»»
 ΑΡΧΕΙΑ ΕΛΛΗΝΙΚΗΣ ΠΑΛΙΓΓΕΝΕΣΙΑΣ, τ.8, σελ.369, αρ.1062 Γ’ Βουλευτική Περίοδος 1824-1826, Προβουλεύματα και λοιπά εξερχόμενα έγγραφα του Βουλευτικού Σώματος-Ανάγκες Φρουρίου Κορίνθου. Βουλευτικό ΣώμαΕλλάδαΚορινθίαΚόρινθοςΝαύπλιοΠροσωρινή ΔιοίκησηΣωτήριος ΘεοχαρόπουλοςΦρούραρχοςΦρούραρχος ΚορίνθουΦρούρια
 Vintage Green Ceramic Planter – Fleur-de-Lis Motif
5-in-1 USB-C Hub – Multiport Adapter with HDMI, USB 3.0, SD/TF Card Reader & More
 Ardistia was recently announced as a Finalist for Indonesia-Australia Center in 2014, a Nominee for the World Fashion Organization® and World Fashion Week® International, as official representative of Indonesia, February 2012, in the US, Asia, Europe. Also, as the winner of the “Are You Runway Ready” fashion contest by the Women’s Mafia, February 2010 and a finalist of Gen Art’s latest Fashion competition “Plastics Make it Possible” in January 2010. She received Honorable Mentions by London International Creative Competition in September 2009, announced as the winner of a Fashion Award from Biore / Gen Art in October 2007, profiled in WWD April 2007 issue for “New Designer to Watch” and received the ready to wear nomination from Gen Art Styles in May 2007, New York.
««
»»
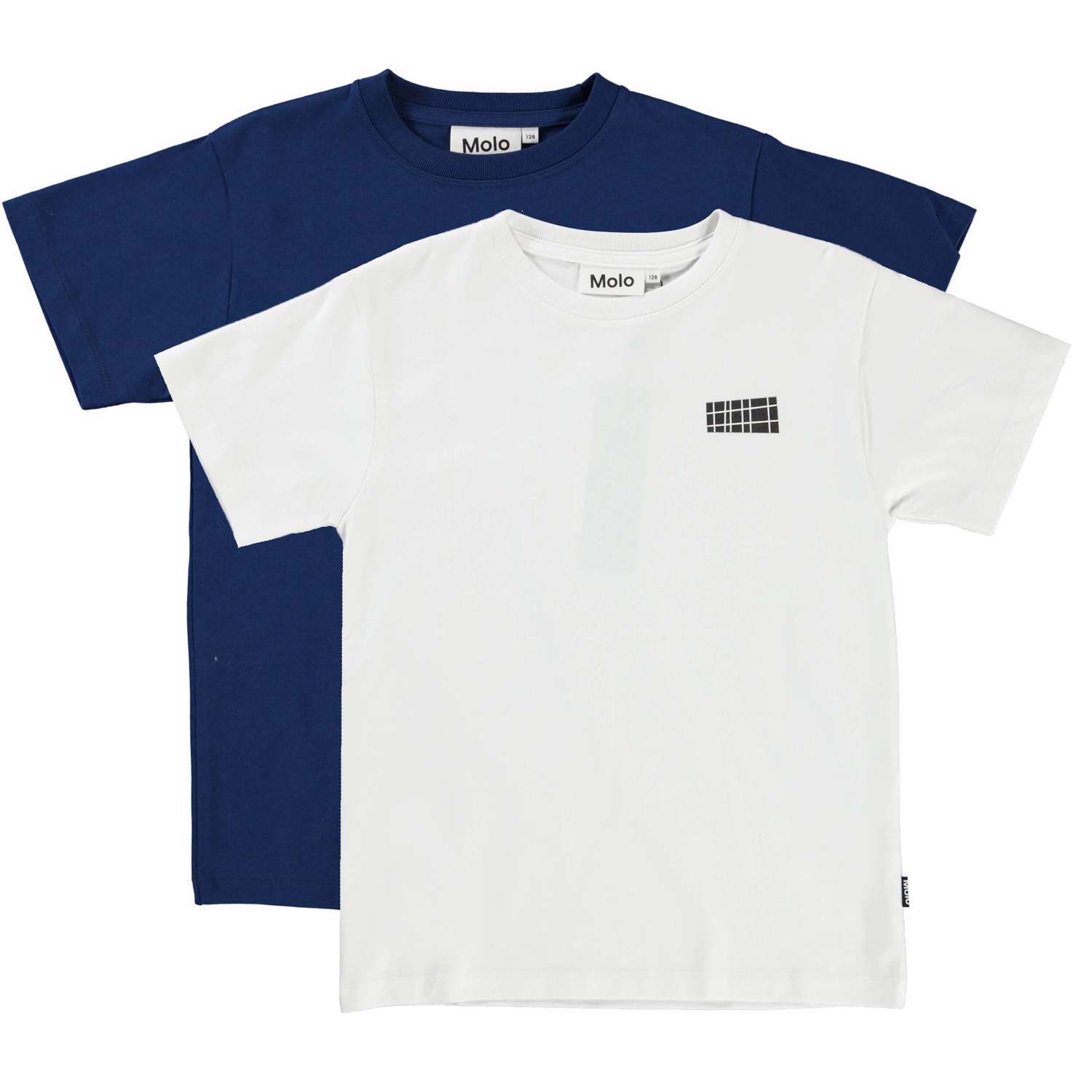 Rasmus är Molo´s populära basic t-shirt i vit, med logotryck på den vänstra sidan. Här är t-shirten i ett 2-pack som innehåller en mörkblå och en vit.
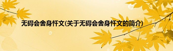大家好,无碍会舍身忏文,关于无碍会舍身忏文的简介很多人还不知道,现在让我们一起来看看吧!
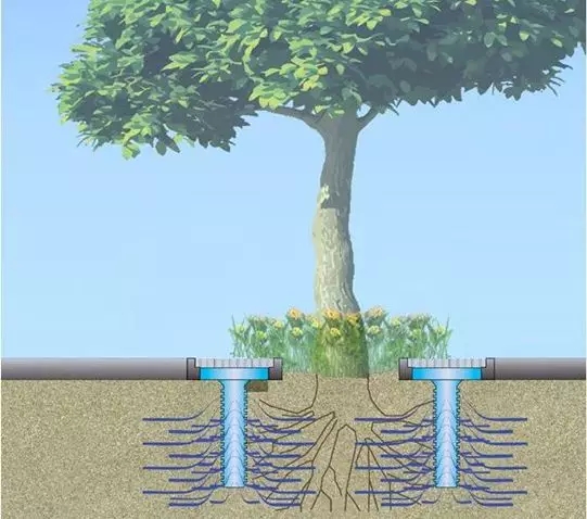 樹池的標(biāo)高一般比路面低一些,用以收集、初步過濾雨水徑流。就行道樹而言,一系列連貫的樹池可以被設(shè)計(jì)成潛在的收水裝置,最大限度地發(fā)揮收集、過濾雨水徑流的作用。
««
▸ **Your task**:
From the records above, retype only the lines starting at the line that contains "Vintage Green Ceramic" and ending at the line that contains "5-in-1 USB-C Hub", both included.

▸ **Answer for this exercise**:
 Vintage Green Ceramic Planter – Fleur-de-Lis Motif
5-in-1 USB-C Hub – Multiport Adapter with HDMI, USB 3.0, SD/TF Card Reader & More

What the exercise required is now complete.